Лев Абрамович, мурлыкая под нос, жестами послал белошвеек за тканями, и те понесли ему штуки за штуками, отрезы за отрезами. В выборе преобладали цвета металлик, холодные тона, остальное портной забраковывал.
– Он ранен был, – тихо сказала Алина. – Он, Мастер Войны. Ему нужна помощь. Моя. Наша. Я вот уверена. А вы…
– Еврей, как есть, – жестко буркнула Маруся. – Знает, но не говорит. Может, денег ему предложить?..
Лев Абрамович обиженно подобрал подбородки, чтобы возразить, но…
– Мы всего лишь хотим сделать так, чтобы помощь не понадобилась еще многим, – послышался ровный мужской голос.
Из-за пыльной ширмы, утыканной иглами и булавками, вышел коренастый мужчина с аккуратной бородкой, с весьма убедительной осанкой, в хорошем пиджаке горчичного цвета.
– Иван Андреевич?..
– Никто не сомневается в вашей смелости, Алина Николаевна, – сказал король под-московных двергов. – Просто ситуация весьма и весьма сложная. Боюсь, она даже и не в моей компетенции, хотя я делаю все возможное.

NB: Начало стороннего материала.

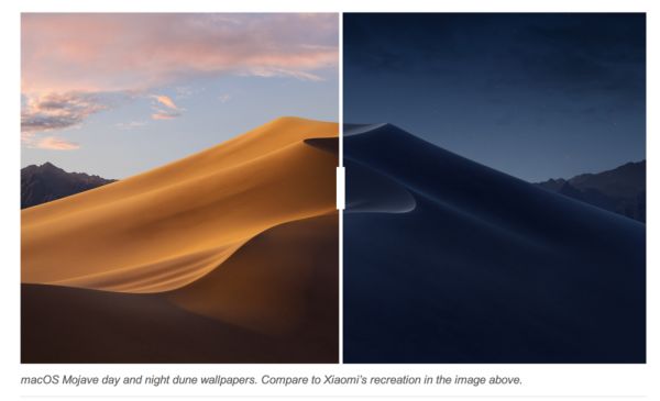 更早一点的 2 月,小米 9 内置的动态壁纸,因为设计风格,以及随时间变换的逻辑,与苹果的 macOS Mojave 相近,也受到了关于抄袭的指责。The Verge 对此的评论是,“小米一直肆无忌惮地抄袭苹果。”

Светлейший витязь дал мне поручение заботиться о его… семье. – Его голос чуть потеплел, вокруг проницательных глаз собрались лучики морщинок. – Заботиться в его отсутствие.
«Семье»!
Лев Абрамович, окончательно что-то решив по поводу Маруси, обид и темы межрасовых и межпланетных отношений, отступил и шуршал теперь в отдалении рулонами пожелтевших выкроек.
– У меня, может быть, своя семья, – не глядя на Монахова, сказала Алина. – У меня, может… своя собственная. Семья.